- Season: 2006–07
- Duration: October 8, 2006 – June 17, 2007
- Games played: 34
- Teams: 18

Regular season
- Top seed: Montepaschi Siena
- Season MVP: Terrell McIntyre
- Relegated: Bipop Carire Reggio Emilia TDShop.it Livorno

Finals
- Champions: Montepaschi Siena 2nd title
- Runners-up: VidiVici Bologna
- Semi-finalists: Armani Jeans Milano Lottomatica Roma
- Finals MVP: Rimantas Kaukėnas

Statistical leaders
- Points: Rick Apodaca / 19.8
- Rebounds: James Thomas / 11.4
- Assists: Michael Jordan / 5.4

= 2006–07 Lega Basket Serie A =

The 2006–07 Lega Basket Serie A season, known as the Serie A TIM for sponsorship reasons, was the 85th season of the Lega Basket Serie A, the highest professional basketball league in Italy.

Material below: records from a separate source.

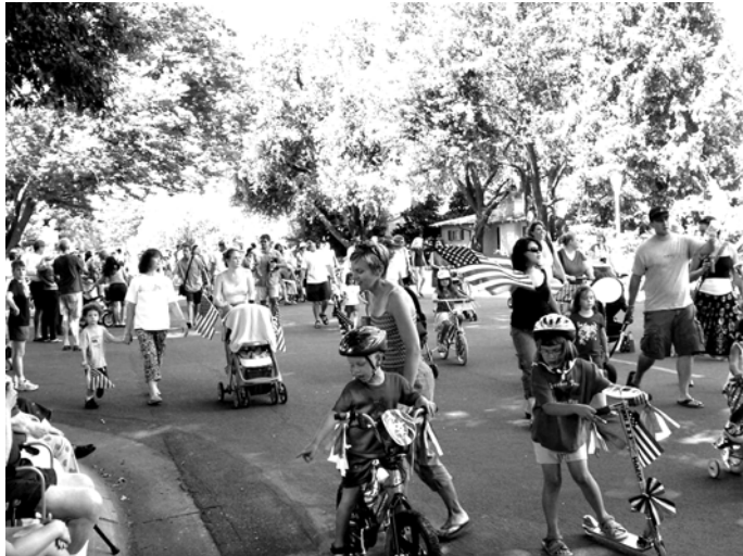
4th of July Firecracker Parade drew a large turnout of families and kids on decorated bikes, scooters and wagons.

www.riverparksacramento.net www.groups.yahoo.com/group/rpna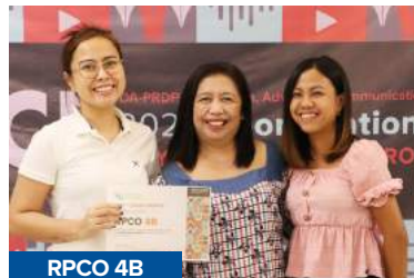
RPCO 4C • Best in Project/Subproject Updates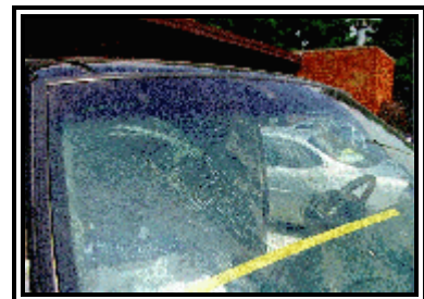
Figure 6: View of the windshield fracture and air bag fabric transfers.

A fracture of the right aspect of the windshield was located 16.5 cm (6.5 in) left of the A pillar and 28 cm (11 in) below the header ( Figure 6 ). Surrounding the fracture site was an area of air bag fabric transfers that measured approximately 48 cm x 38 cm (19 in x 15 in), width by height. The windshield fracture resulted from the altered deployment path of the front passenger air bag due to the placement of the rear facing child seat in the front right of the vehicle.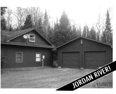
2452 MARTINSON DRIVE., EAST JORDAN

Style, charm and location! This home has it all as well as a very recent updates. Back vard is fenced in for convenience, and the home offers a nice front porch to enjoy the outdoors! Sitting in the heart of East Jordan, it is close to the schools, downtown and entertaining and an easy drive to work! MLS 435249. Ask for Jennifer Burr. $109,000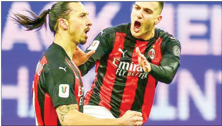
AC Milan forward Zlatan Ibrahimovic (L) has scored 12 goals in Serie A.

MILAN — Leaders AC Milan look for a boost on Saturday at 13th-placed Bologna after a dramatic Italian Cup exit to city rivals Inter days after a league defeat to Atalanta.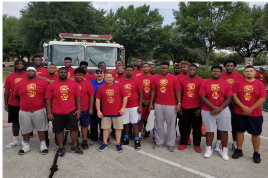
Our Lions Team (Duncanville FB Offensive Line) finished 2nd place in the annual fire truck pull.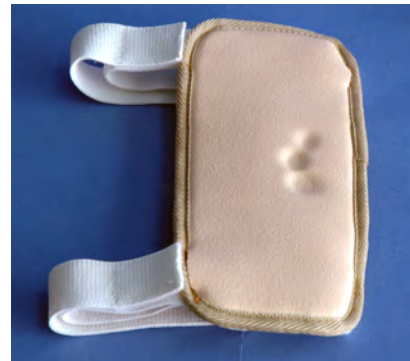
2+ Moderate pitting Indentations with approx. 4mm depth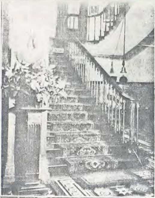
Above—THE GRAND STAIRCASE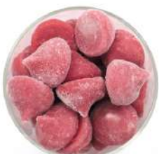
Strawberry puree 4018-18 ready to eat 2470-18 ready to heat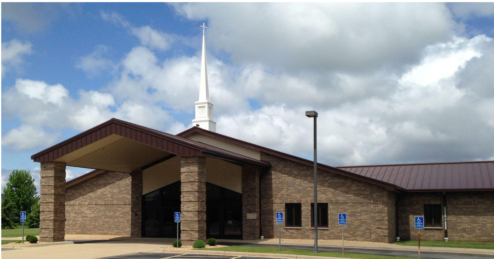
Cornerstone Evangelical Free Church of Owatonna Minnesota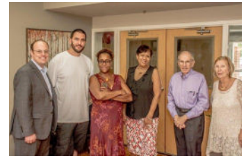
Building Highlight: B'nai B'rith Elmwood House Page 7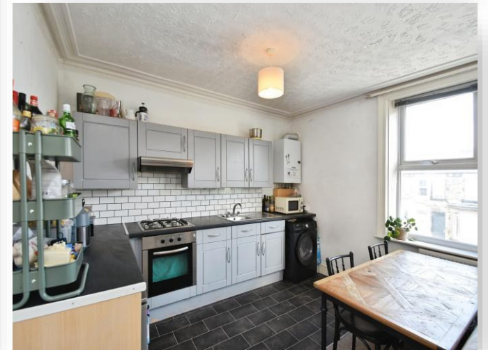
Mayfield Grove, Harrogate HG1 5HD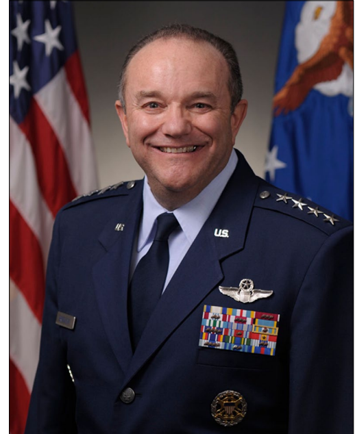
Gen. Philip M. Breedlove, U.S. Air Forces in Europe Commander.

Read the entire article at http://www.ramstein.af.mil/news/story.asp?id=123313017 .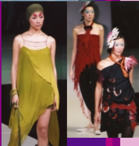
Winners from the degree and higher diploma programmes.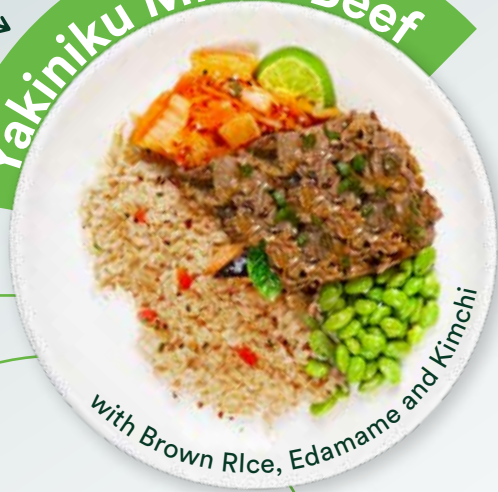
with Brown Rice, Edamame and Kimchi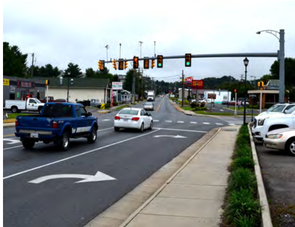
Traffic signal projects like the one at Main Street and Mount Crawford Avenue and the intersection of Dinkel, Old River, and Main Street play an important role in alleviating traffic problems on Main Street.

Amtrak service is available in Staunton, approximately twenty-five minutes south of town. Railway freight services are available in Harrisonburg. Commercial passenger air services are available at the Shenandoah Valley Regional Airport in Weyers Cave, approximately fifteen minutes southeast of Bridgewater.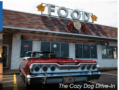
The Cozy Dog Drive-In

It's ALWAYS LEGENDARY when Abraham Lincoln or Mary Todd steps on your tour bus!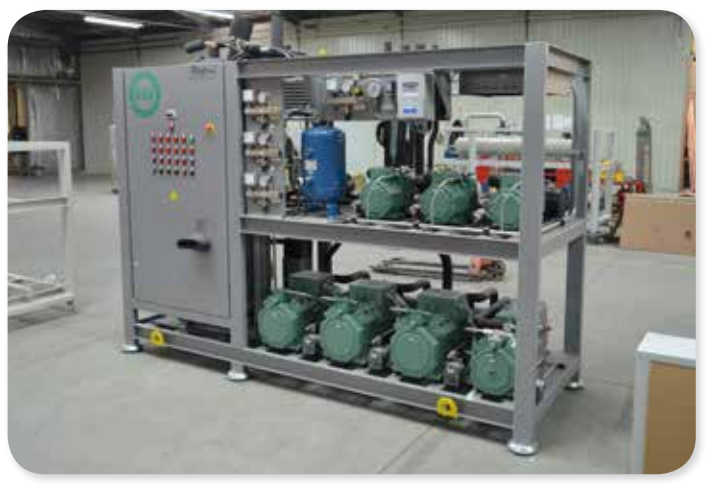
CO, Refra pack AS-TR17143F0G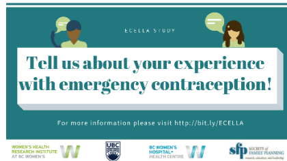
Twitter Image 1 download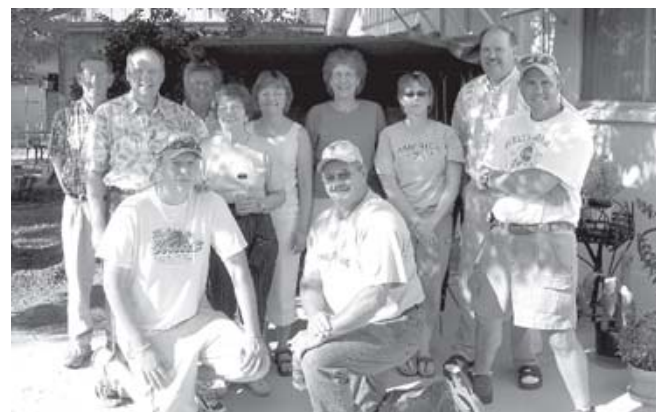
Grace Lutheran - Parker, SD to Bethany-Apodaca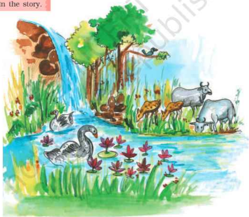
Fig. 1.3: A Pond Ecosystem

Heera from Jaisalmer exclaimed, "We get no rains. We see only 'kikar' and sand, as far as the eyes can see." "But you also find camels", said Ravi.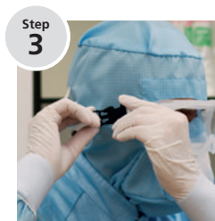
Step 3 Inserting the buckle on the second side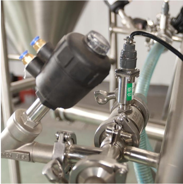
Flow Meter to Control Liquid Adding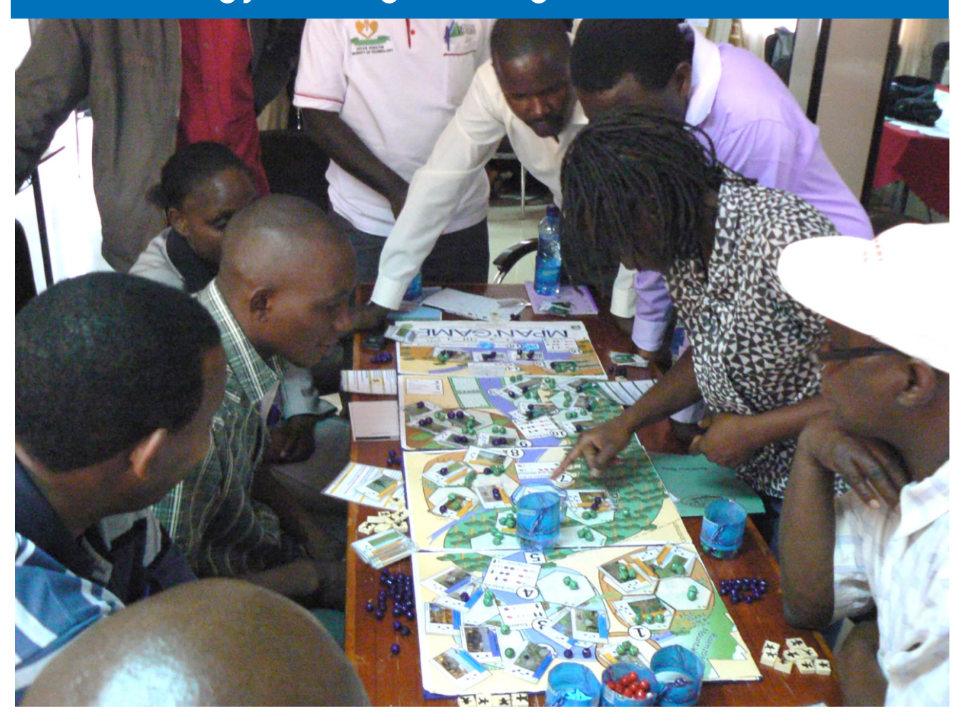
Community members playing Mpan'game

ne of GWPEA partners named "Mpan'game Club" is a nonprofit-making organization registered in Uganda that was named after Mpan'game, a community participatory board game designed along River Mpanga and aimed at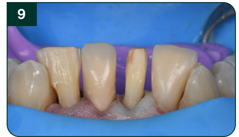
Removal of the first silicone matrix, followed by careful finishing and polishing. Same procedure is followed for 42 and 31.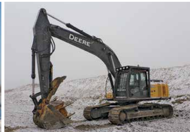
John Deere 270D LC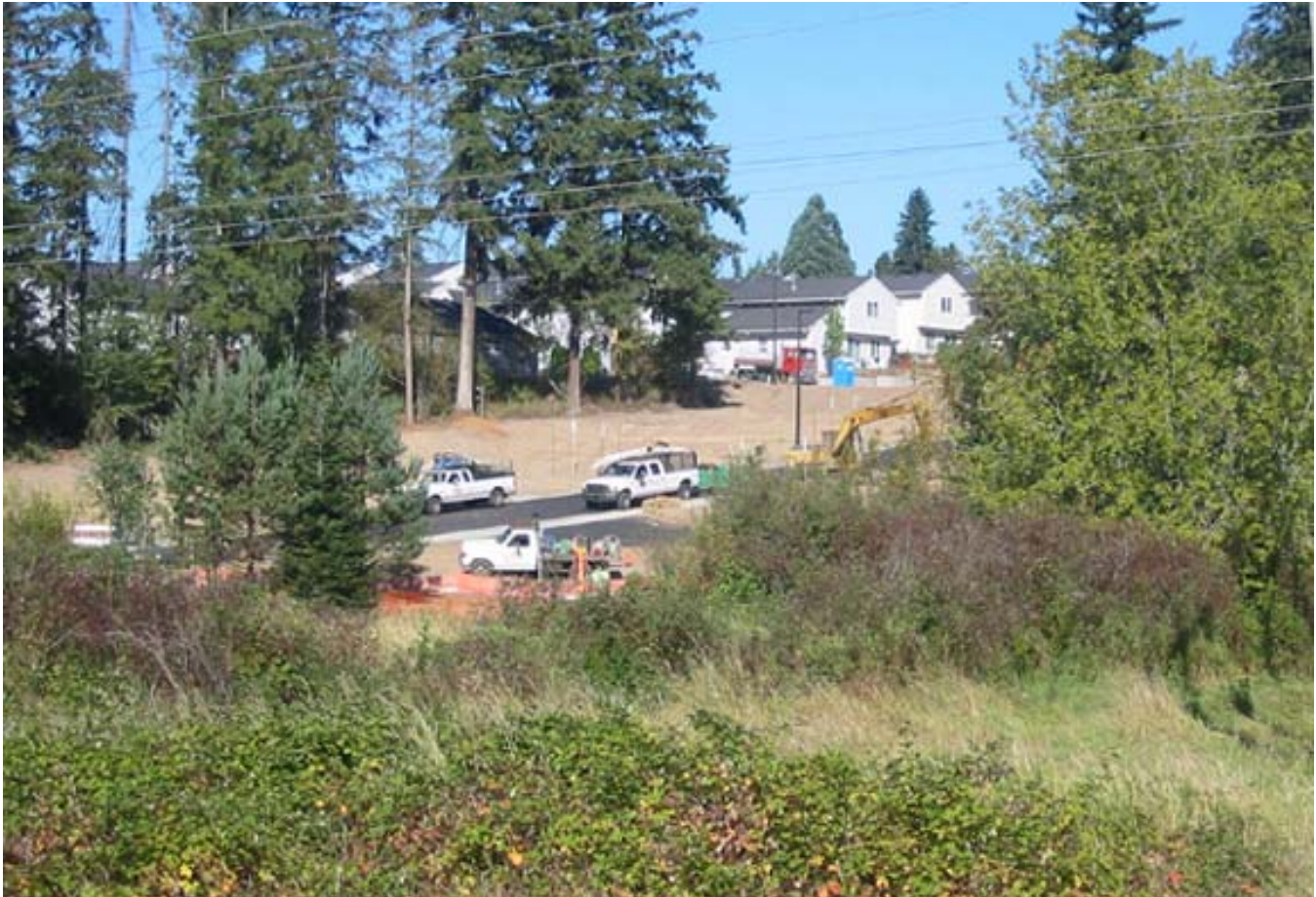
The construction of new neighborhoods is one cause of habitat loss and fragmentation, and one reason why golf courses and other greenspaces are becoming increasingly important refuges for pollinators and other wildlife.

Fragmentation of habitat is a second threat. The patches of habitat left after conversion to housing, industry, or agriculture—such as hedgerows or grassy verges—might be too small to support adequate nest sites, hostplants, or forage areas. Or, they may be too far apart. Although bees do not require large, contiguous areas of habitat, patches need to be within flying distance of each other. Most bees fly a couple of hundred yards or less between nest and forage. Butterflies can also suffer if habitat is too fragmented.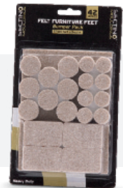
SECTINO™ FELT FURNITURE FEET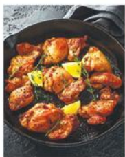
Fresh Family Pack Boneless Skinless Chicken Thighs $2 49 lb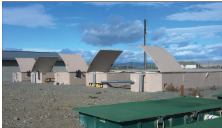
The Yakama Nations Housing Authority in Washington state added five AdvanTex® AX-Max units (background) to its ten AdvanTex AX-100 units, increasing the capacity of its wastewater system by 50%.

Orenco's newest product in the AdvanTex line is the AX-Max™: a completely-integrated, fully-plumbed, and compact wastewater treatment plant that's ideal for commercial properties and communities. It's also ideal for projects with strict discharge limits, limited budgets, and part-time operators.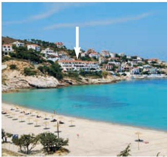
Erofli Hotel location (centre)

The Erofli is the highest category hotel on Icaria and occupies one of the best locations – just on the edge of Armenistis, directly above the sea, a three minute walk from the centre of the village in one direction and to the start of beautiful Livadi beach in the other. Built into the hillside on four floors (please note there is no lift) all 31 rooms possess fridge, satellite tv, hair-dryer, safety deposit box, tiled shower/wc, air conditioning (once the outdoor daytime temperature exceeds 30C) and a very spacious balcony (four have a garden patio) – those to the front have panoramic vistas over sea and coast. Furnishings are of good quality and décor tasteful.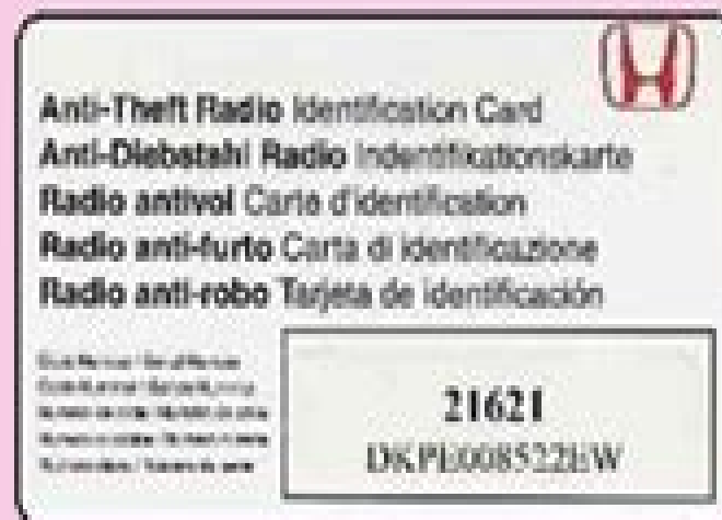
Anti-Theft Radio ID Card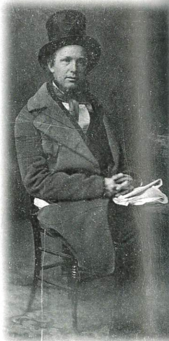
▲ Horace Greeley founded the New York Tribune in 1841.

SLAVERY DIVIDES WHIGS Divisions in the Whig Party widened in 1852 when General Winfield Scott became the Whig nominee for president. Scott owed his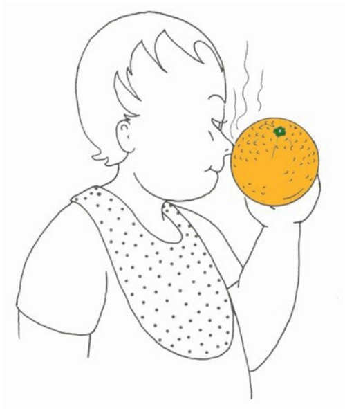
The baby is smelling an orange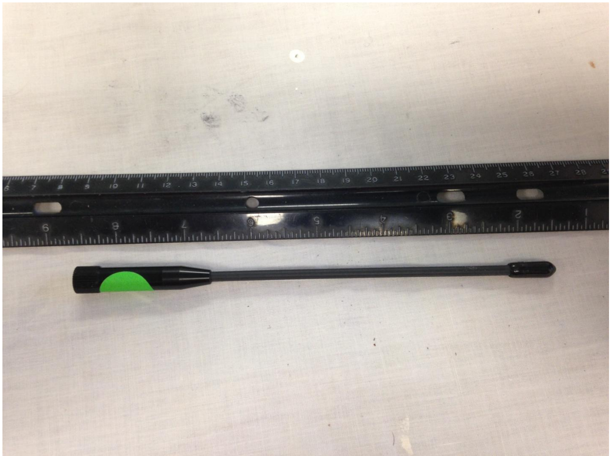
Figure 1. Antenna for Paksense Radio

MFG: Nearson Type: Omni Directional Dipole antenna Gain: 2.0 dBi Connector: Reverse sex SMA connector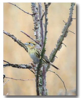
Lincoln's Sparrow.

In collaboration with the National Parks Service at CRNRA and the Chattahoochee National Park Conservancy, Birds Georgia will improve and restore a minimum of 16.5 acres of birdfriendly habitat at the Cochran Shoals Unit of CRNRA, including the "sparrow field." The remaining acreage will be treated for invasive plant species and opened up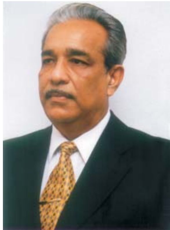
H.E. Mr. Jules Rattankoemar Ajodhia, Vice President of Suriname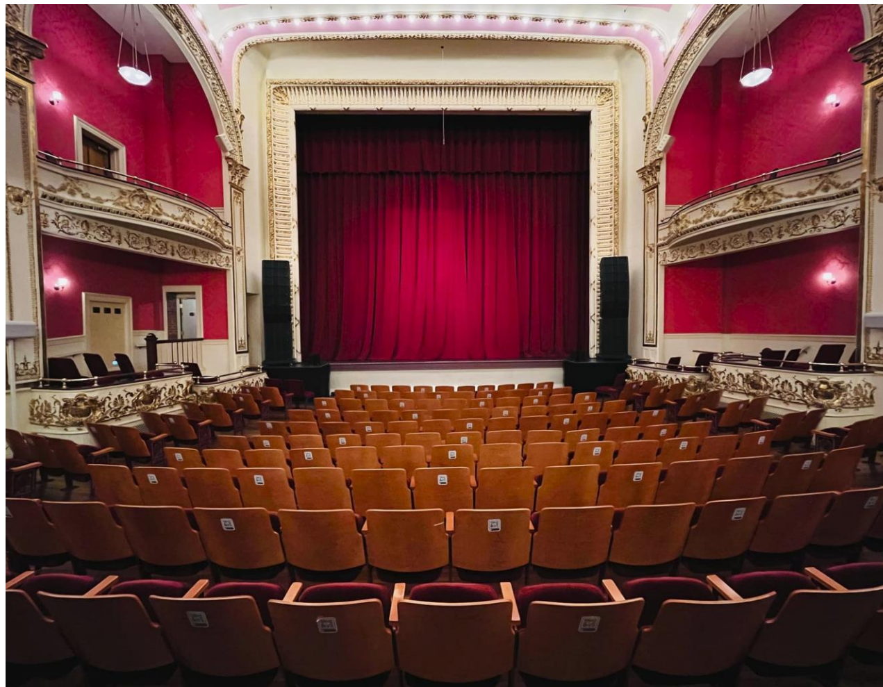
Paramount Center, Rutland

With support from this grant, we were able to increase our stage counterweight system by 35% and increased our ceiling height (by way of a new main curtain installation) by 30%. This investment will allow the organization to not only increase the variety of programming but to sustainably grow the quantity of such productions.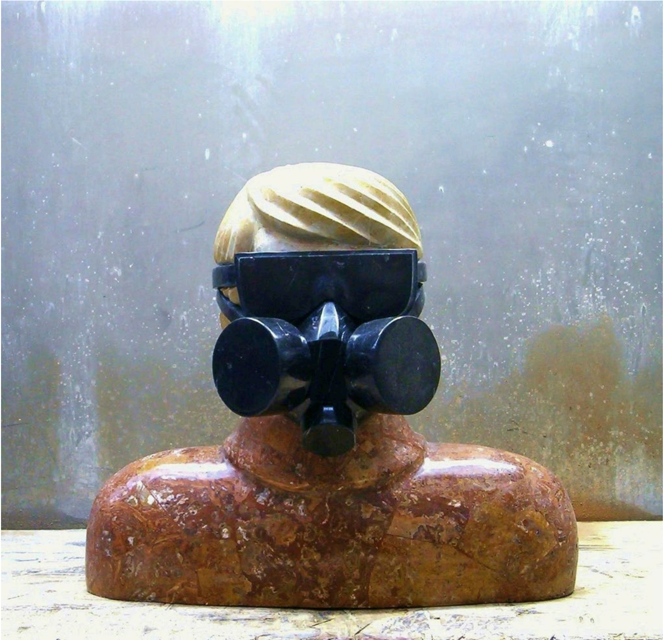
Still Life, 2011.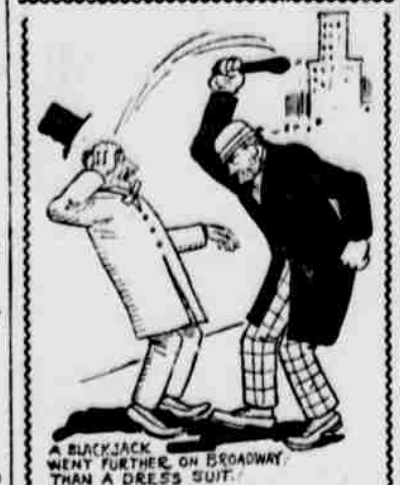
A BLACKJACK WENT FURTHER ON BROADWAY THAN A DRESS SUIT.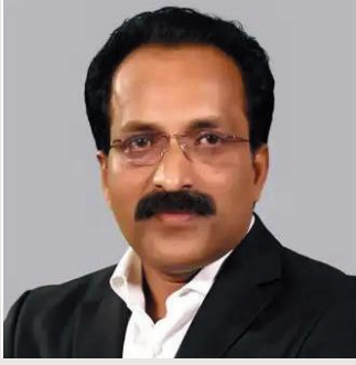
Shri S. Somanath 2024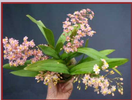
AJC-N021 Onc.Tsiku Marguerit 'Dragon' Flower Size: Small Flowering: Nov-Feb Fragrance: Yes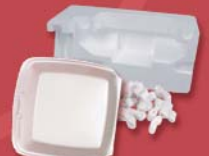
Styrofoam Cups, Plates, Bowls, To Go Containers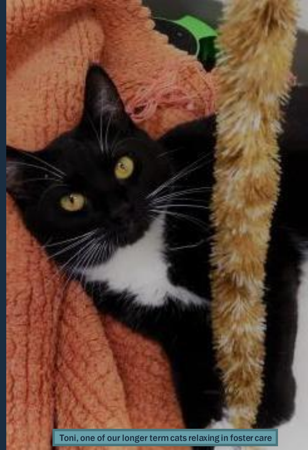
Toni, one of our longer term cats relaxing in foster care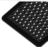
Vision Express Grill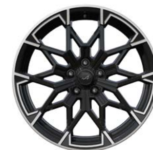
03_ WHEELS 19" SNOWFLAKE BLACK DIAMOND.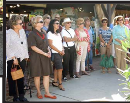
Members listen intently to speaker.

The regular season ran from October 8, 2006 to May 2007, 18 teams played 34 games each. The top 8 teams made the play-offs whilst the lowest ranked teams, Bipop Carire Reggio Emilia and TDShop.it Livorno, were relegated to the Legadue.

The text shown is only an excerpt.